The transaction is subject to customary closing conditions, including approval by Maxar stockholders, the expiration or termination of the applicable waiting period under the Hart-Scott-Rodino Antitrust Improvements Act of 1976 and receipt of regulatory approvals. The Board of Directors of Maxar has unanimously approved the merger agreement. The “go-shop” period expired at 11:59pm ET on February 14, 2023. The transaction received U.S. antitrust clearance pursuant to the Hart-Scott-Rodino Antitrust Improvements Act of 1976 at the end of January 2023. As of April 14, 2023, Maxar Technologies has received the majority of the regulatory consents required for the acquisition. A special meeting of Maxar’s stockholders to approve the Merger Agreement will be held virtually on April 19, 2023. As of April 19, 2023, at the special meeting, approximately 99.6% of the shares voted were voted in favor of the transaction, which represented approximately 75.4% of the total outstanding shares of Maxar common stock. The transaction is expected to close mid-2023. As of April 14, 2023, the proposed transaction will close in late April or early May of 2023.
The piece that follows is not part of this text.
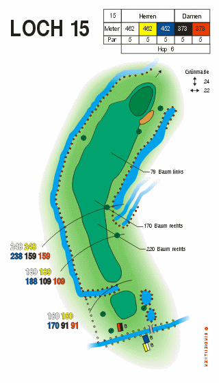 Gelb: 461 Meter, PAR 5, Handicap 8Gelb (bis 12/2012): 461 Meter, PAR 5, Handicap 6
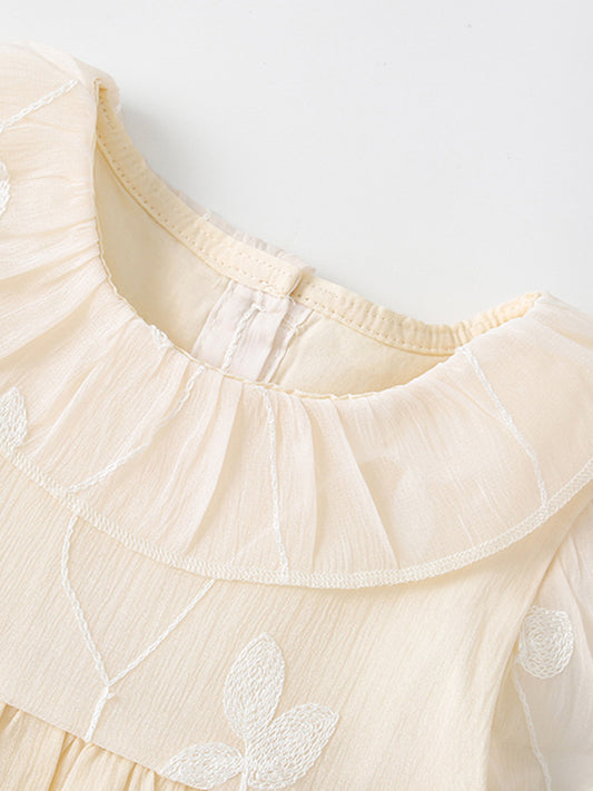 Summer Arrival Girls’ Leaves And Vine Pattern Embroidery Short Sleeves Round Collar Dress

J.P. Morgan Securities LLC is serving as financial advisor and fairness opinion provider to Maxar and Adam O. Emmerich of Wachtell, Lipton, Rosen & Katz is serving as lead counsel to Maxar. Milbank LLP is serving as Maxar’s legal advisor with respect to certain space industry and regulatory matters. Goldman Sachs & Co. LLC and Morgan Stanley & Co. LLC are serving as financial advisors to Advent and Annemargaret Connolly, Ariel Kronman, Heather L. Emmel, James R. Griffin, Jennifer Haydel Britz, Jonathan J. Macke, Jonathan Wood, Karen N. Ballack, Michael Nissan, Paul J. Overmyer, Ramona Y. Nee, Vadim M. Brusser, Yehudah L. Buchweitz, Matthew D. Morton, Alexis Brown-Reilly, Celine Chan, Tomasz Rodzoch, Olivia J. Greer, Luis Gonzalez, Michael D Messina, Claudia Lai, Barrett Schitka of Weil, Gotshal & Manges LLP is serving as lead counsels to Advent. Scott A. Freling, Heather L. Finstuen, Katherine Kingsbury, David N. Fagan, Peter D. Camesasca, Horst Henschen, Alexander D. Chinoy, Thomas Repke, Yaron Dori and Justin A. Schenck of Covington & Burling LLP is serving as Advent’s legal advisor with respect to certain regulatory matters. Pankaj K. Sinha of Skadden, Arps, Slate, Meagher & Flom LLP is serving as lead counsel to British Columbia Investment Management Corporation. Freshfields Bruckhaus Deringer LLP is serving as BCI’s legal advisor with respect to certain regulatory matters. Maxar has engaged Georgeson LLC to assist in the solicitation of proxies for the Special Meeting. Maxar estimates that it will pay Georgeson a fee of approximately $20,000, plus reimbursement for certain out-of-pocket fees and expenses. For services rendered in connection with the Merger and the delivery of its opinion, Maxar has agreed to pay J.P. Morgan a fee of approximately $58 million, of which $3 million became payable upon delivery of the opinion and the remainder of which is contingent and payable upon the closing of the Merger.

Advent International Corporation and British Columbia Investment Management Corporation completed the acquisition of Maxar Technologies Inc. (NYSE:MAXR) from The Vanguard Group, Inc., BlackRock, Inc. (NYSE:BLK) and others on May 3, 2023. With the completion of the transaction, Maxar's common stock has ceased trading and is no longer listed on the New York Stock Exchange, and Maxar’s common stock will also be de-listed from the Toronto Stock Exchange. In connection with the Merger, each of Howell M. Estes III, Nick S. Cyprus, Roxanne J. Decyk, Joanne O. Isham, Daniel L. Jablonsky, C. Robert Kehler, Gilman Louie, L. Roger Mason, Jr., Heather A. Wilson, Eric J. Zahler and Eddy Zervigon ceased to be members of the board of directors of Maxar, and any committee thereof, effective as of the Effective Time.